I had my visitor spikes and huge stats ‘back in the day’ and at this point, I am just writing for the enjoyment of it — which, upon reflection, is really all I should’ve ever been doing with this blog. Note I said THIS blog. I have other sites I am not nearly so flippant about. Sites that are monetized and sites that involve businesses I run. You really need to decide where your position in it all is.

If you have a blog for venting, enjoyment, recreation… keep it that way as long as you can. Like anything, when you turn your hobby into work, it loses some of its charm. If you can, separate your blogs and keep one for personal venting and let your other blogs be for money/business blogging. Sure, you can cross-reference your blogs between each other to share traffic.. or not. Depends on how much separation you want for your own sanity.

I’m not good at talking about really personal things, probably related to the fact that I am cautious enough to never post pictures of my kids or much information about them online – and they’re a huge part of my life. So, instead of a ‘very personal’ blog, my recreational blog is this one — where I talk about the tech stuff that I actually want to talk about, versus coming up with articles just to fill space and meet a ‘post-per-week’ goal.

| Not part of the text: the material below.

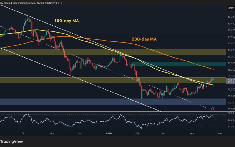 The descending channel that defined Bitcoin’s structure from October 2025 through early April is now firmly behind the price. The cryptocurrency has broken above it, cleared the 100-day moving average (~$74k), and is holding within the $75k–$80k resistance band, with the RSI trending higher around 60.
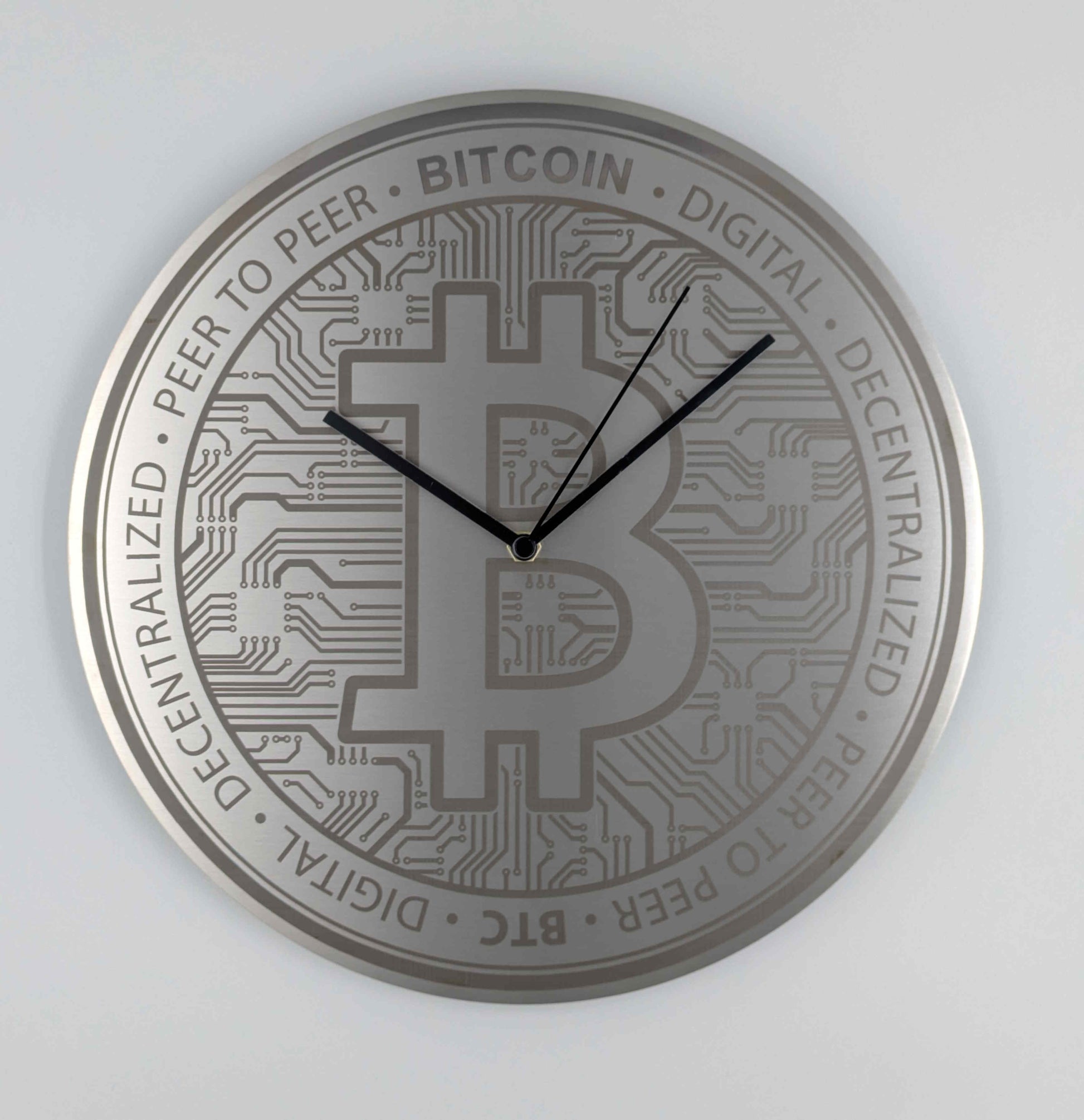 Wanduhr aus Edelstahl - Bitcoin Motiv

My suggestion for anyone who is coming into blogging is very contrary to what most people will suggest. Keep at least one blog for yourself. The rest will come, or not. If you don’t enjoy listening to yourself talk, maybe you will do better with social networks than blogs. Save the numbers game and worry for a site/blog you have attached to something that brings in money. Let your personal blog simply be as it is, and evolve with you — faults, mistakes, errors and all the rest.

~Nicole

2 thoughts

  1. Hi Nicole

    Interesting article. I think these days, entry URL counts are more precious than they would have been in the past, although less representative. You mention that ‘back in the day’ your stats were significantly higher. This may reflect the increased tech-dependency of recent times, where bookmarks and tags have become commonplace. The number of people in this world who possess the patience to type more than six letters into their address bars is diminishing.